With a 97 per cent majority vote, the NPF is now able to begin collective bargaining with the federal government, and on July 15 took the first steps in the process by serving the Treasury Board with a notice to bargain.

“That’s a fairly strong mandate. That’s a very decisive vote result from the membership,” said Bryan Sauvé, the federation’s co-chair.

The RCMP have been working to unionize since 2015, when the Supreme Court ruled that Mounties have the right to engage in collective bargaining, just like other B.C. police forces.

But the RCMP’s federation, which formed in February 2016, is heading into “uncharted territory,” said Sauvé, explaining that other police organizations, such as the Vancouver Police Union, have been around for decades, and have years of collected data which allows them to prepare a proposal and start negotiating straight away.

The organization needs to submit a request for disclosure in order to collect the data required to prepare a proposal that’s “comparable in the police universe,” said Sauvé, so the first phase may take some time.

One of the main points that the federation wants to hammer out is pay disparity, said Sauvé. While first-class RMCP constables earn the same across the country, it’s still about $14,000 less than what a first-class constable in Vancouver, Delta or Victoria is paid.
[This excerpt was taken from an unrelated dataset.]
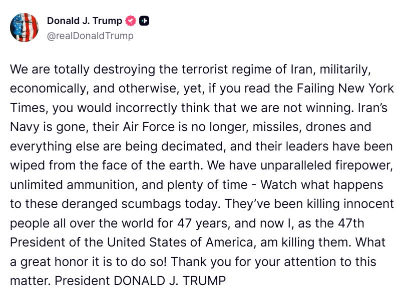从特朗普才发布的帖文看,他显然非常愤怒,而且语无伦次。 但他不会承认失败,因为他未来还要中期选举。 预计有两个可能: 1:特朗普宣布“胜利”,狼狈收兵。 2:特朗普继续赌博,不顾一切袭击伊朗,但损失也更为惨重。 顺便说一句:综合内塔尼亚胡与特朗普此前与现在的言论对比,明显感觉失败了。

“Within the B.C. Police Association, all of the 11 municipalities, they’re about the same. They’re sitting within $500 - $1,000 of each other, which is considerably more (pay) than a member in Richmond,” Sauvé said.

In 2017, Richmond RCMP appeared in solidarity – covering up the yellow stripe on their pants – with a fellow RCMP member on the Sunshine Coast who publicly protested national pay discrepancy.

The federation will also address issues of adequate and consistent training, benefits and staffing levels across detachments.

With unionization, the cost of RCMP policing will likely increase, although by how much is unknown, said Sauvé.

“Policing is a cost, public safety is a cost and municipalities have to decide whether or not the RCMP is the police force that they want,” Sauvé said.

According to the B.C. government, the federal government covers 10 per cent of RCMP costs in municipalities with populations over 15,000.

In a statement to Richmond News, the Richmond city spokesperson Clay Adams said that the city isn’t able to comment on the collective bargaining process between the federal government and the NPF.

“However,” Adams said, “funding for policing remains an integral part of the City’s annual budgeting process and we will continue to work closely with the RCMP to maintain Richmond as a safe and welcoming community.”